Using S3 as state backend

classic Classic list List threaded Threaded
7 messages Options
Reply | Threaded
Open this post in threaded view
|

Using S3 as state backend

Brian Chhun
Hello,

I'm trying to setup an HA cluster and I'm running into issues using S3 as the state backend. This is raised during startup:

2015-12-09T19:23:36.430724+00:00 i-1ec317c4 docker/jobmanager01-d3174d6[1207]: java.io.IOException: No file system found with scheme s3, referenced in file URI 's3:///flink/recovery/blob'.

2015-12-09T19:23:36.430858+00:00 i-1ec317c4 docker/jobmanager01-d3174d6[1207]: #011at org.apache.flink.core.fs.FileSystem.get(FileSystem.java:242)

2015-12-09T19:23:36.430989+00:00 i-1ec317c4 docker/jobmanager01-d3174d6[1207]: #011at org.apache.flink.runtime.blob.FileSystemBlobStore.<init>(FileSystemBlobStore.java:67)

2015-12-09T19:23:36.431297+00:00 i-1ec317c4 docker/jobmanager01-d3174d6[1207]: #011at org.apache.flink.runtime.blob.BlobServer.<init>(BlobServer.java:105)

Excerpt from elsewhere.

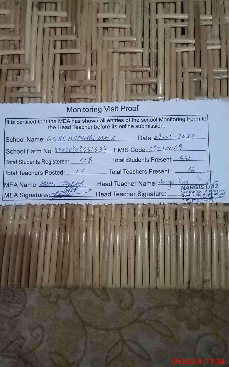 | EMIS Code: 39210069 | Name of School: GGHS KOMHARI WALA | |||
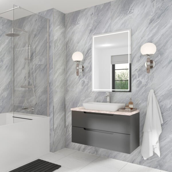 Brera Marble combines a grey marble look with veins of white to create a luxurious feel in your bathroom.

2015-12-09T19:23:36.431435+00:00 i-1ec317c4 docker/jobmanager01-d3174d6[1207]: #011at org.apache.flink.runtime.jobmanager.JobManager$.createJobManagerComponents(JobManager.scala:1814)

2015-12-09T19:23:36.431569+00:00 i-1ec317c4 docker/jobmanager01-d3174d6[1207]: #011at org.apache.flink.runtime.jobmanager.JobManager$.startJobManagerActors(JobManager.scala:1944)

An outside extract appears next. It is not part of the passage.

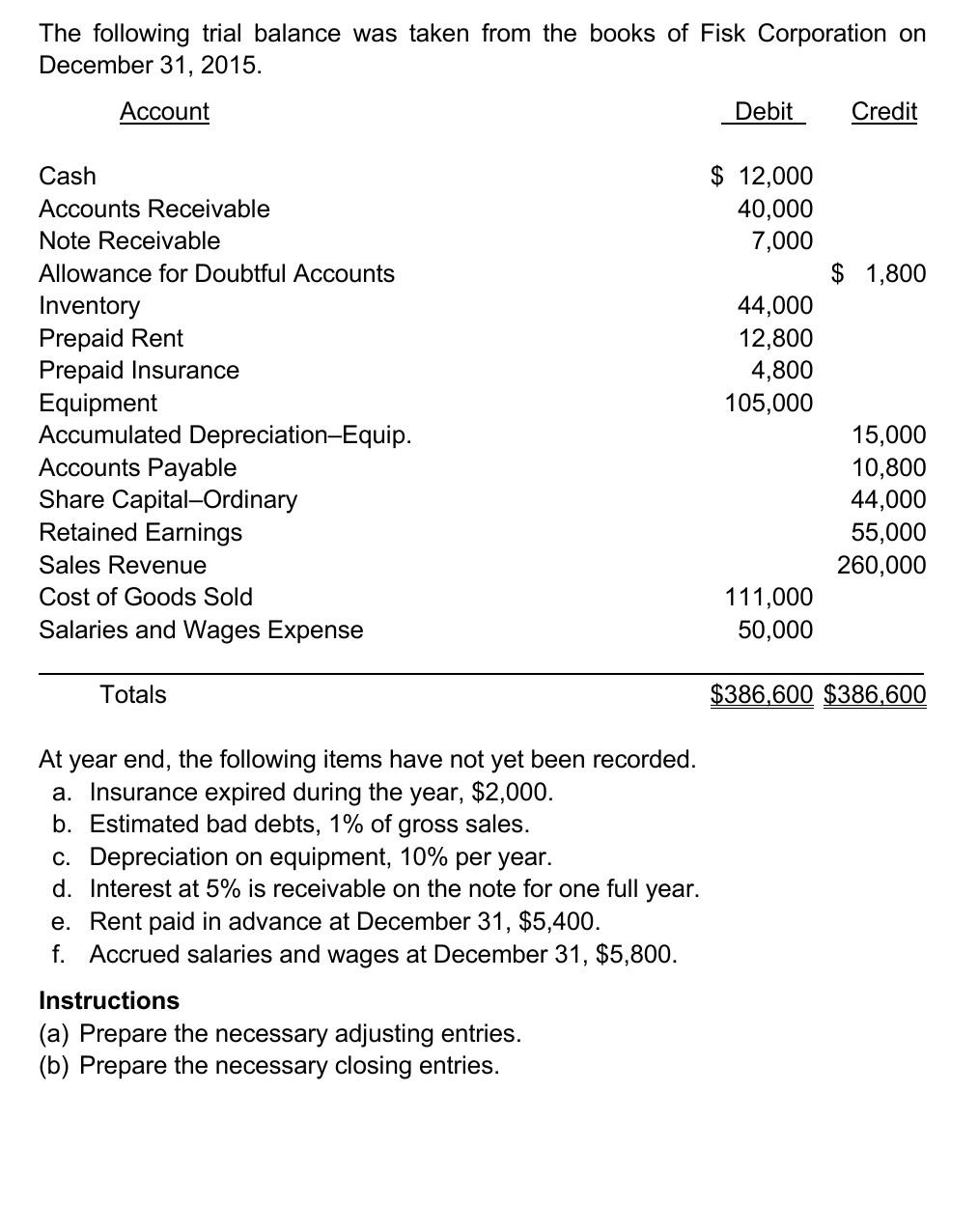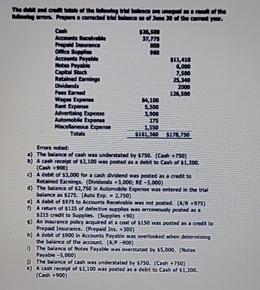 Solved The Following Trial Balance Was Taken From The Books Chegg Com

2015-12-09T19:23:36.431690+00:00 i-1ec317c4 docker/jobmanager01-d3174d6[1207]: #011at org.apache.flink.runtime.jobmanager.JobManager$.startJobManagerActors(JobManager.scala:1898)

2015-12-09T19:23:36.431810+00:00 i-1ec317c4 docker/jobmanager01-d3174d6[1207]: #011at org.apache.flink.runtime.jobmanager.JobManager$.startActorSystemAndJobManagerActors(JobManager.scala:1584)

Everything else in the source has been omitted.